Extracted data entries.
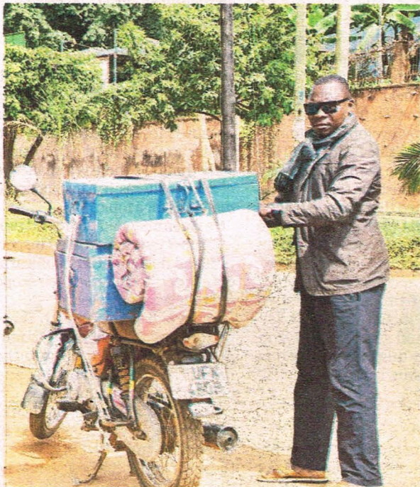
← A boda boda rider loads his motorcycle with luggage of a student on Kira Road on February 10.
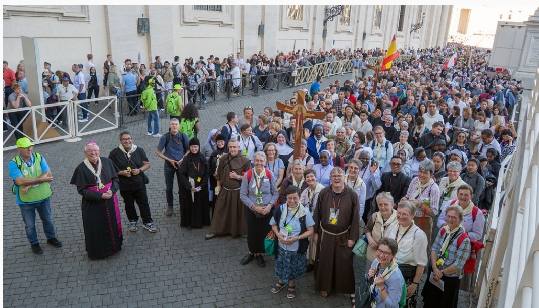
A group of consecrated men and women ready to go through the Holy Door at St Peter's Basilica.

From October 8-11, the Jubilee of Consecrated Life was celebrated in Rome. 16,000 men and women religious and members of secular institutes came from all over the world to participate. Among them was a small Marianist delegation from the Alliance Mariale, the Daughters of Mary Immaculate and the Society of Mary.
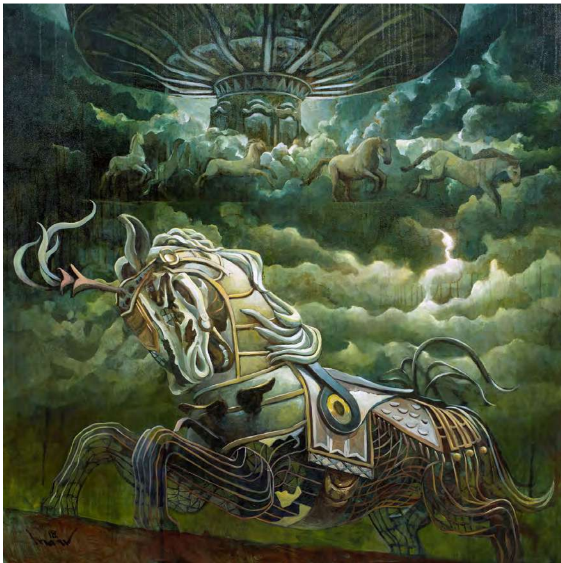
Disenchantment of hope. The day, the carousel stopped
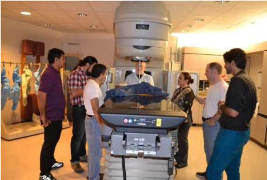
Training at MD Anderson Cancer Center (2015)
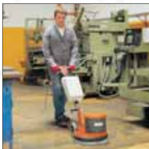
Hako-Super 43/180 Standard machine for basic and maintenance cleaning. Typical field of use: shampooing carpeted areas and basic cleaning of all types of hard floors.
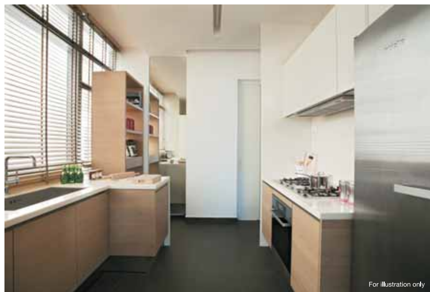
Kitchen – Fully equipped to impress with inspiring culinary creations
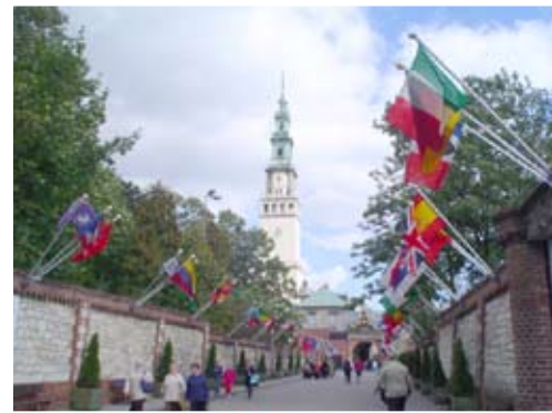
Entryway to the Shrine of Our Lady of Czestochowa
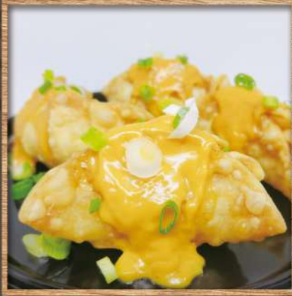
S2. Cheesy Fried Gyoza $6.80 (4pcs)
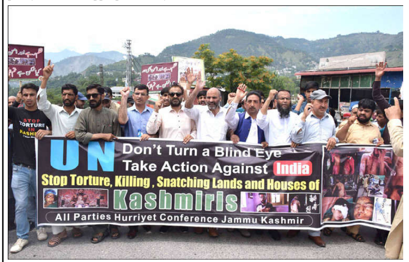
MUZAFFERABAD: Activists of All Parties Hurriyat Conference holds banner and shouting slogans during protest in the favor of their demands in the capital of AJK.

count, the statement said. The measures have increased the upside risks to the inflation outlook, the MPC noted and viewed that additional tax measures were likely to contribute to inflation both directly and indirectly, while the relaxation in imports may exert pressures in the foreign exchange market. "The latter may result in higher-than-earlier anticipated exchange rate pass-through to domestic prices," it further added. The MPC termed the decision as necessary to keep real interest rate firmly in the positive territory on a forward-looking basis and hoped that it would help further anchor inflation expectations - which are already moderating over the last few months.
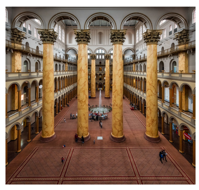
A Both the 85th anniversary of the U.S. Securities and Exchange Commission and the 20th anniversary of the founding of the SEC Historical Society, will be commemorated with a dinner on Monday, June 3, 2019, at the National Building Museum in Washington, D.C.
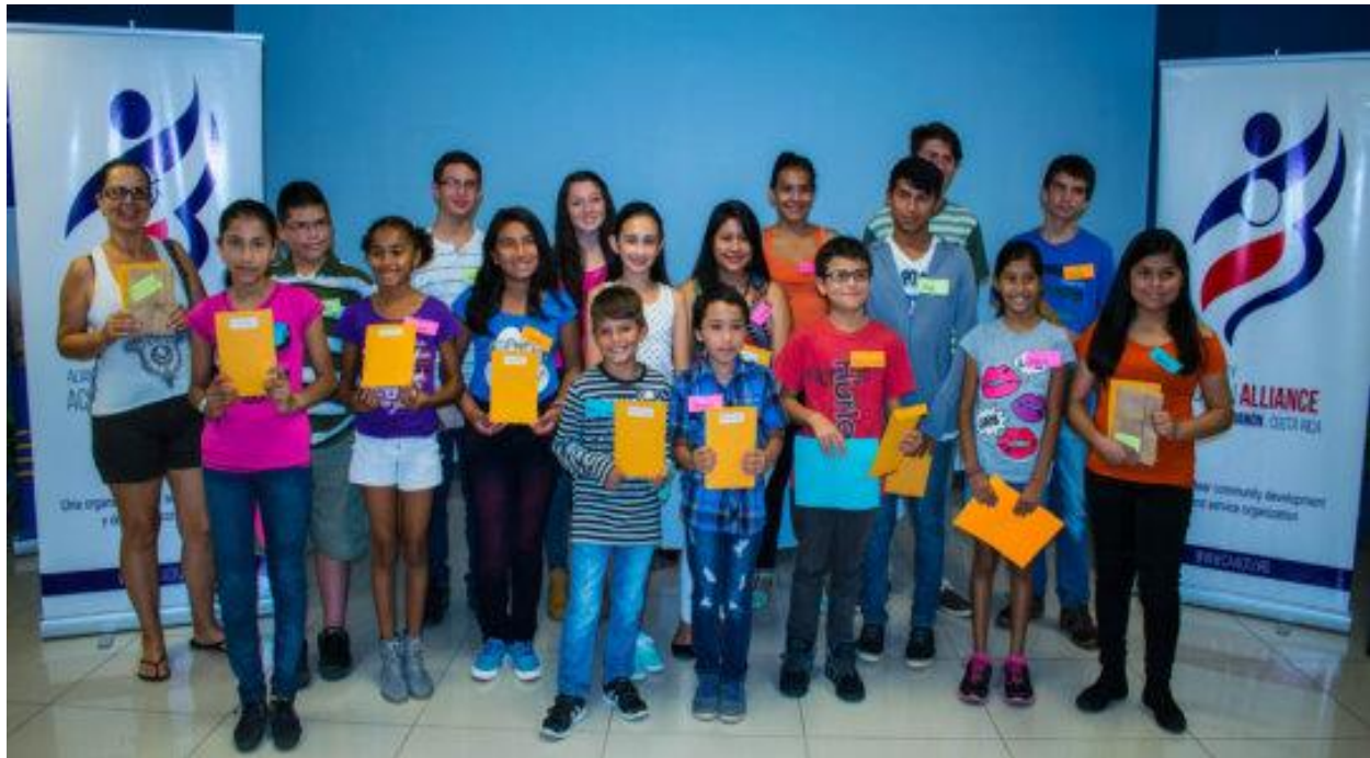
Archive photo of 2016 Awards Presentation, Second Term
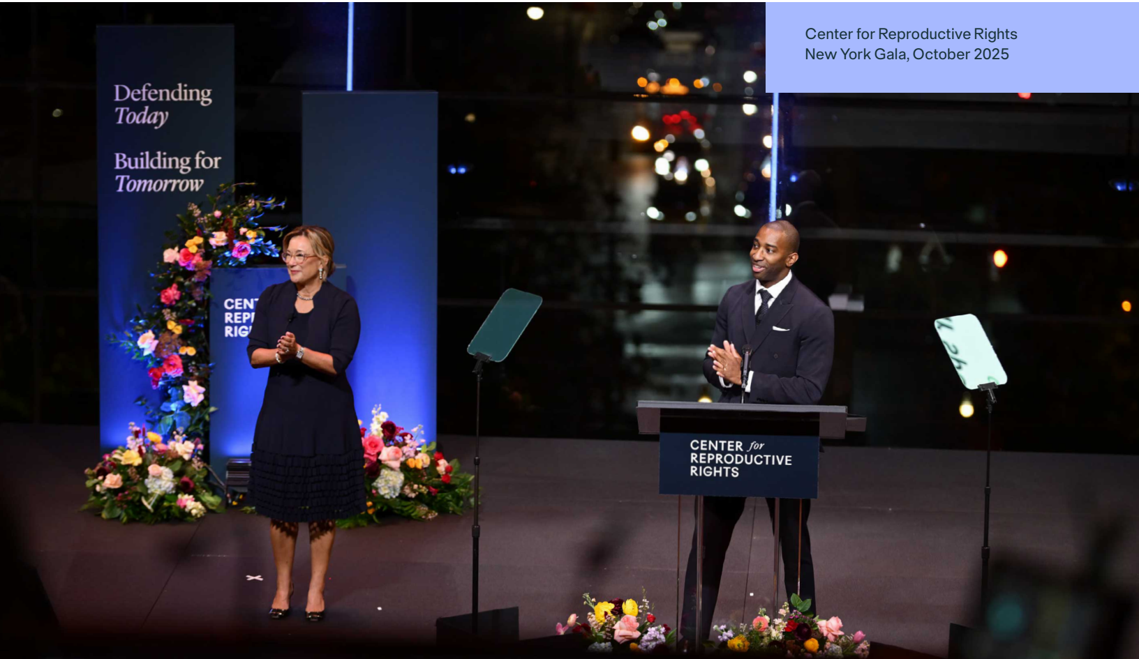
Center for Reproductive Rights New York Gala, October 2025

--

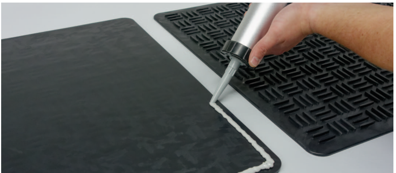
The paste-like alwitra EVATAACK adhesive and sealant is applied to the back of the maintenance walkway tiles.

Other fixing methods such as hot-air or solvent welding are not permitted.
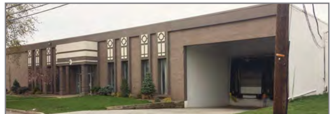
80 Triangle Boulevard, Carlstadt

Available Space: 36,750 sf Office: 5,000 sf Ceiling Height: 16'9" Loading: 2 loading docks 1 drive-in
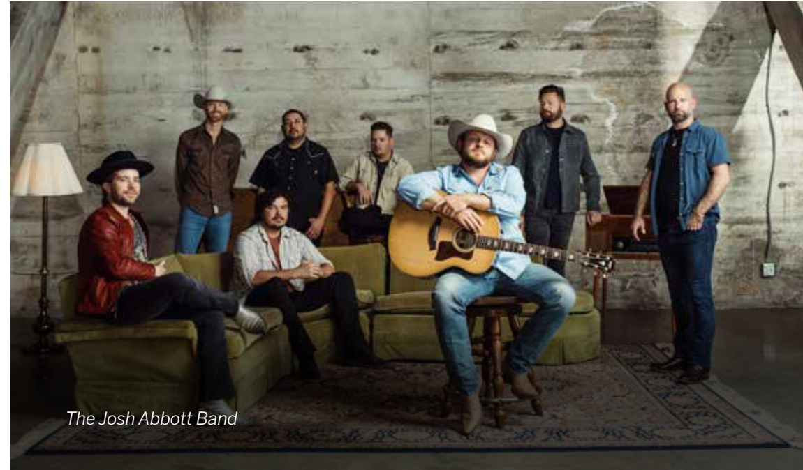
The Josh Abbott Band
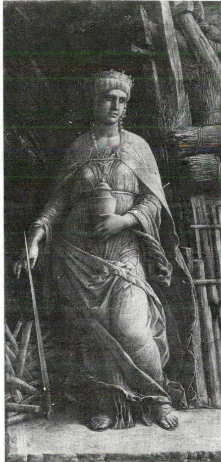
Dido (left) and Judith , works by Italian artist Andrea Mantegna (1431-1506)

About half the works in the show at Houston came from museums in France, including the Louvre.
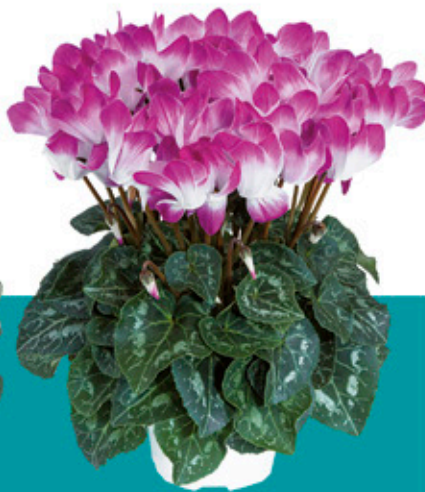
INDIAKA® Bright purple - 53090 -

==

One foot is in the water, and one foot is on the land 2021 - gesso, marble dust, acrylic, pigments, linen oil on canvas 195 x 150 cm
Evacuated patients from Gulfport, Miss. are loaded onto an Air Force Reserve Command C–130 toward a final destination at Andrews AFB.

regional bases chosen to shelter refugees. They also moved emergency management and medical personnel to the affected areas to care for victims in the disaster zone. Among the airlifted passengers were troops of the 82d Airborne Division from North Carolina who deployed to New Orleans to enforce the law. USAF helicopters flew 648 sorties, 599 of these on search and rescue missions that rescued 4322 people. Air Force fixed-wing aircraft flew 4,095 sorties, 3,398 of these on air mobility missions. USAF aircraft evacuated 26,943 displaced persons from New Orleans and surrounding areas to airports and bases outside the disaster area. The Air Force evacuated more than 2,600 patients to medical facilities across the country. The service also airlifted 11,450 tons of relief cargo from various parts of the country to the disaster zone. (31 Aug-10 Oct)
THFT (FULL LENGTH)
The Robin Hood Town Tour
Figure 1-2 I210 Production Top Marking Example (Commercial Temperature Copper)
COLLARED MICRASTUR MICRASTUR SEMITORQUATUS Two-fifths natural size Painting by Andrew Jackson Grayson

Activity.
Quote word for word only the lines above from the one containing "80 Triangle Boulevard, Carlstadt" through the one containing "INDIAKA® Bright purple". Pictures stay out of your copy.

Task response.
80 Triangle Boulevard, Carlstadt

Available Space: 36,750 sf Office: 5,000 sf Ceiling Height: 16'9" Loading: 2 loading docks 1 drive-in
The Josh Abbott Band
Dido (left) and Judith , works by Italian artist Andrea Mantegna (1431-1506)

About half the works in the show at Houston came from museums in France, including the Louvre.
INDIAKA® Bright purple - 53090 -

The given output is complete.